» Required work
Using the entries that follow, transcribe only the lines from the line with "Gold Metal Kordon Kadın Saat Kombini 3756" to the line with "Una doble hamburguesa", both included, exactly as they stand and without pictures.
[Record excerpts]
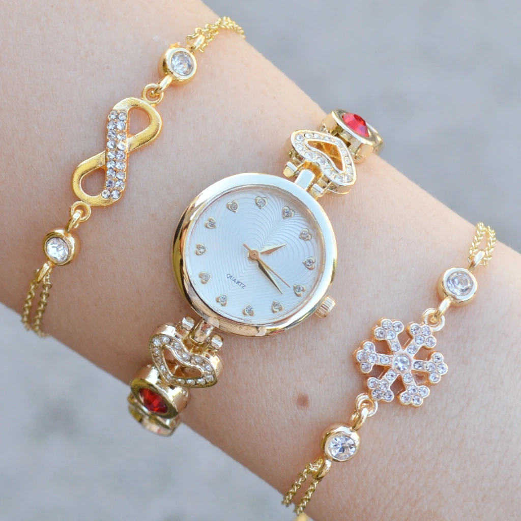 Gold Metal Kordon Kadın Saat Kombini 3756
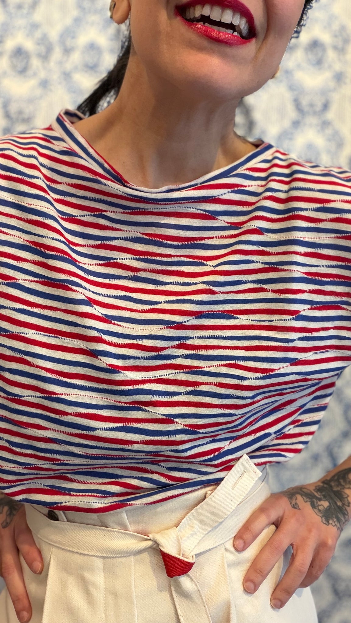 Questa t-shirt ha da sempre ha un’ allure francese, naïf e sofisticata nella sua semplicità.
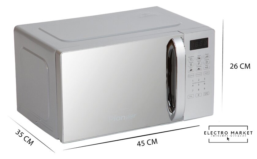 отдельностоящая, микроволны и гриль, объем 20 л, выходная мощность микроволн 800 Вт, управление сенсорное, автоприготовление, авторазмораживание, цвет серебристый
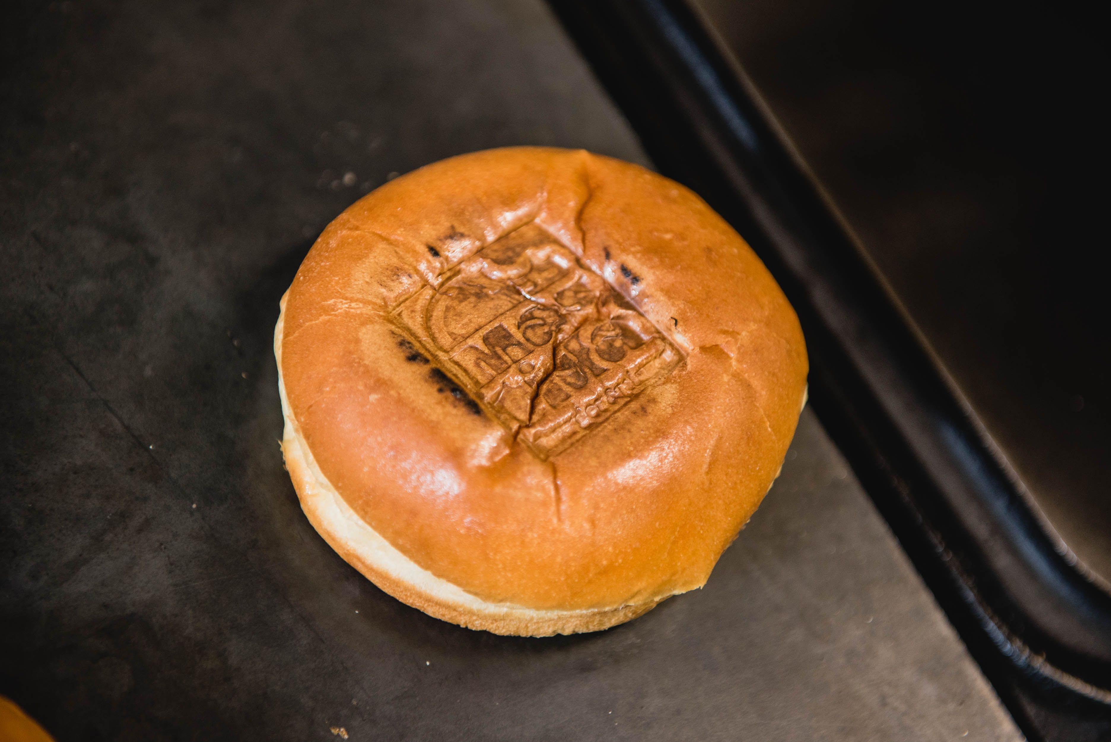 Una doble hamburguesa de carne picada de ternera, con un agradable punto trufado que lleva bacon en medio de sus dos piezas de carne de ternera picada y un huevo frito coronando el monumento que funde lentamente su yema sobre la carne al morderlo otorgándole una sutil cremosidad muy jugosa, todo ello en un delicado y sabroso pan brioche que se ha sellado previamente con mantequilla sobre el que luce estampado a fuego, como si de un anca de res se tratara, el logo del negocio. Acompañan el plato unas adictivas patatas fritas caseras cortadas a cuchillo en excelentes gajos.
[/Record excerpts]
[Record excerpts]
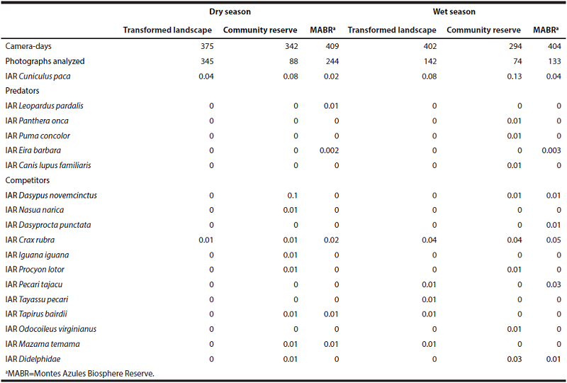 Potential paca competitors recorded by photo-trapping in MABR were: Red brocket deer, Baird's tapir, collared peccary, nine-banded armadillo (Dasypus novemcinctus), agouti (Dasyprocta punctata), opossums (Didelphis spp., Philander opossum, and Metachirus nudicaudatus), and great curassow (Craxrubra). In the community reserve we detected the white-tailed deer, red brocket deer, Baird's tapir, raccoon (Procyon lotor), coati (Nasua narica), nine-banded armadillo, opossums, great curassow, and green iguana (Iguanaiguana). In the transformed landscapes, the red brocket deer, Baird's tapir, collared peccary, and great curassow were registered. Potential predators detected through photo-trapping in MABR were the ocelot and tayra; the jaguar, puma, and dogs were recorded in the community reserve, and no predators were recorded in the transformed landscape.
[/Record excerpts]
[Record excerpts]
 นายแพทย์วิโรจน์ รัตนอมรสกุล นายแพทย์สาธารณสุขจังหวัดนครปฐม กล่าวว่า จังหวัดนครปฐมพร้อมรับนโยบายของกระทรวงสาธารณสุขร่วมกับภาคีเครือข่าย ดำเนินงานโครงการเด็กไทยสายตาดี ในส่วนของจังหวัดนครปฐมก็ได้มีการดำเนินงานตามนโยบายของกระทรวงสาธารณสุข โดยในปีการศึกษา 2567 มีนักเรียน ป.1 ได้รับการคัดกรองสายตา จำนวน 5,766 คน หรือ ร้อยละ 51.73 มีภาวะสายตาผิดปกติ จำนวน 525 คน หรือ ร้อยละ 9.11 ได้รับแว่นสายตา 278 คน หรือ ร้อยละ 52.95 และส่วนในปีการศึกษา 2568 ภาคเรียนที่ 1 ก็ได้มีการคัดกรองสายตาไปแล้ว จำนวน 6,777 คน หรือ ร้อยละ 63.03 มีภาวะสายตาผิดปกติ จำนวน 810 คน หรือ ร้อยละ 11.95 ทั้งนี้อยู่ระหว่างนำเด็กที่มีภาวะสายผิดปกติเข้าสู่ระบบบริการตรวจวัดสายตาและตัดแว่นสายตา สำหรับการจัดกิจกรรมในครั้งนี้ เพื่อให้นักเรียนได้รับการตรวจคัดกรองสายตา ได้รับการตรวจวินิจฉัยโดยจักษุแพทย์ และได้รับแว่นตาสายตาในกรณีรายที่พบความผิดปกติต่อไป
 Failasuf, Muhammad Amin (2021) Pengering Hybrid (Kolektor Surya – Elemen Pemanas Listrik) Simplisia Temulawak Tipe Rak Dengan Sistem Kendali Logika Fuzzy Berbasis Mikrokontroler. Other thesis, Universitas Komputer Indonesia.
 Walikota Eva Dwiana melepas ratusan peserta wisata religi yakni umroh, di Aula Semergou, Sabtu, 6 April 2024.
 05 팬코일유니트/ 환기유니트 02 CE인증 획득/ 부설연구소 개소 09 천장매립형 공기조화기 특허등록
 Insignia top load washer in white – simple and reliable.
[/Record excerpts]
» Problem solution
 Gold Metal Kordon Kadın Saat Kombini 3756
 Questa t-shirt ha da sempre ha un’ allure francese, naïf e sofisticata nella sua semplicità.
 отдельностоящая, микроволны и гриль, объем 20 л, выходная мощность микроволн 800 Вт, управление сенсорное, автоприготовление, авторазмораживание, цвет серебристый
 Una doble hamburguesa de carne picada de ternera, con un agradable punto trufado que lleva bacon en medio de sus dos piezas de carne de ternera picada y un huevo frito coronando el monumento que funde lentamente su yema sobre la carne al morderlo otorgándole una sutil cremosidad muy jugosa, todo ello en un delicado y sabroso pan brioche que se ha sellado previamente con mantequilla sobre el que luce estampado a fuego, como si de un anca de res se tratara, el logo del negocio. Acompañan el plato unas adictivas patatas fritas caseras cortadas a cuchillo en excelentes gajos.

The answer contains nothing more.